WP-Redakteur Jens Stubbe.

Foto: Michael Kleinrensing

Die Bewegung „Fridays for Future“ hält in Hagen den Erwachsenen den Spiegel vor. Immerhin findet sie Gehör.

Es ist so schön grün, mein Hagen. Das merke ich, wenn ich an einem Wochenende wie diesem mit dem Fahrrad über die Höhenzüge radele. Bäume, Felder, Wiesen – ein Traum, ein Idyll. Könnte man meinen.


Wer aber genauer hinguckt, der merkt, wie sehr es trügt, das Idyll. Wochenlang hat es nicht geregnet in unserem Hagen. Was dazu führt, dass Felder ausgetrocknet sind und dass sich der Borkenkäfer im Wald durch Fichtenbestände frisst.


Schüler sind tausende Schritte voraus

Zufall – würden jetzt beispielsweise AfD-Politiker heraustrompeten. Und: Mit einem menschengemachten Klimawandel hat das nichts zu tun. Wenn die Sonne öfter scheint – da können wir doch nichts dafür.

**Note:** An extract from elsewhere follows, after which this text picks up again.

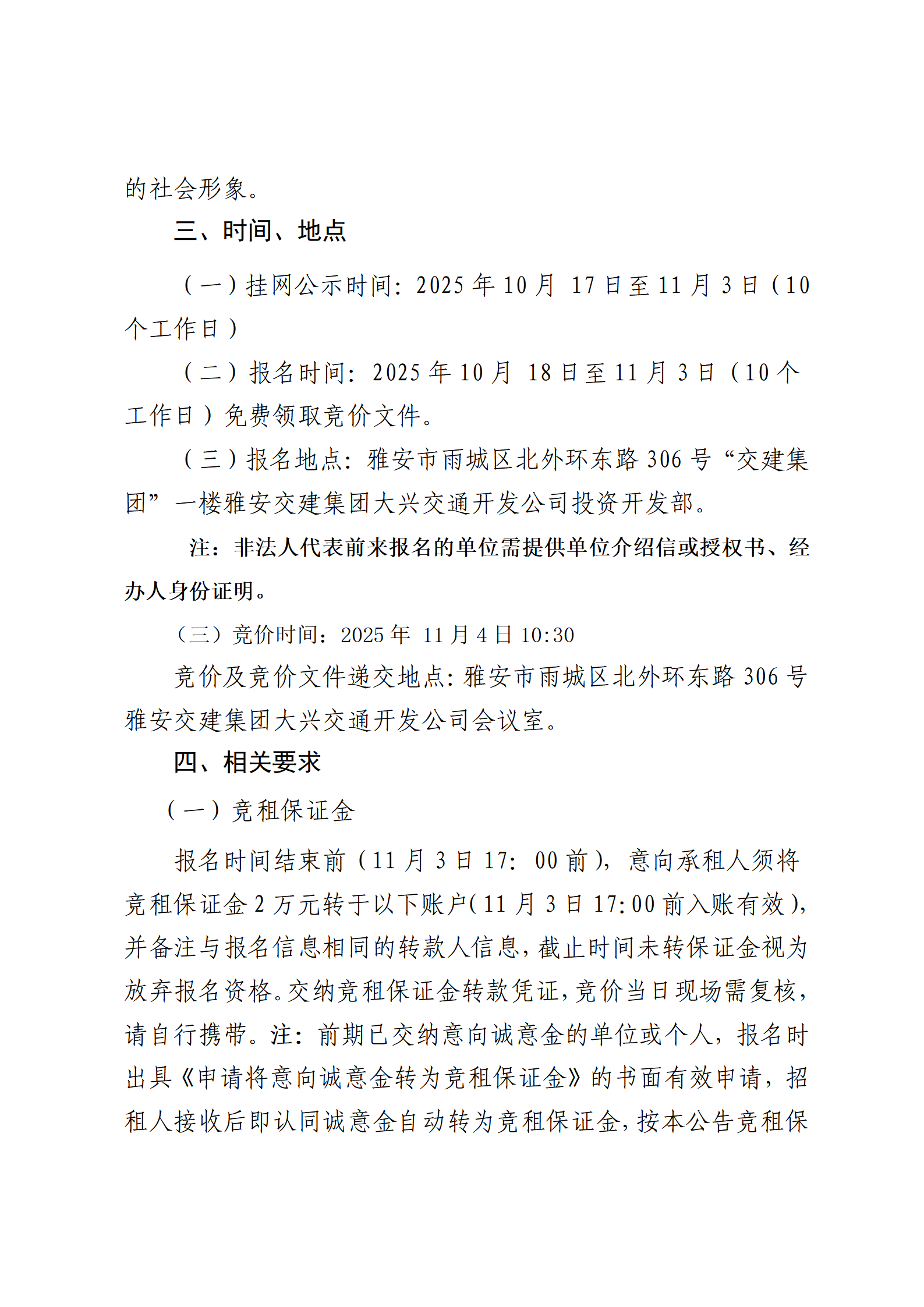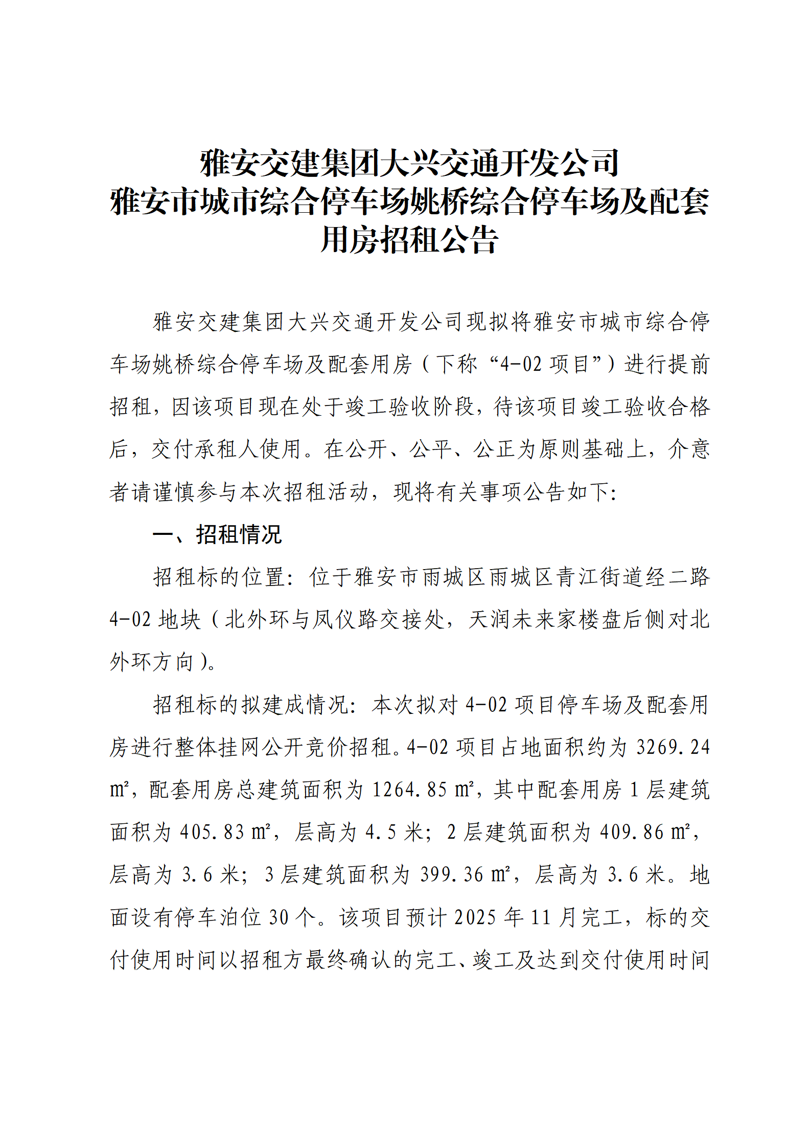 亿万先生MR集团大兴交通开发公司 雅安市城市综合停车场姚桥综合停车场及配套用房招租公告

Einen Schritt, nein, hunderte, tausende, millionen Schritte sind jene Schüler weiter, die mit Plakaten und Transparenten durch die Innenstadt ziehen. Sie führen uns vor Augen, was wir in den letzten Jahren getan haben: nichts. Von uns gewählte Politiker stecken auf wichtigen Konferenzen Klimaziele, um sie im Anschluss um Längen zu verfehlen. Ziele stecken und sie nicht zu erreichen – das ist etwas, was Leute machen, die abnehmen wollen, hat sinngemäß ein Youtuber, dessen Aussagen man nicht allesamt gut finden muss, dieser Tage verkündet.


Busfahren für einen Euro am Tag ist keine Utopie

Die Fridays-for-Future-Bewegung hat schon etwas erreicht. Ihr Vorschlag, eine Bus-Jahreskarte für 365 Euro zu verkaufen, wird verfolgt. Und dass Hagen, wie sie fordern, den Klimanotstand ausruft, ist überfällig.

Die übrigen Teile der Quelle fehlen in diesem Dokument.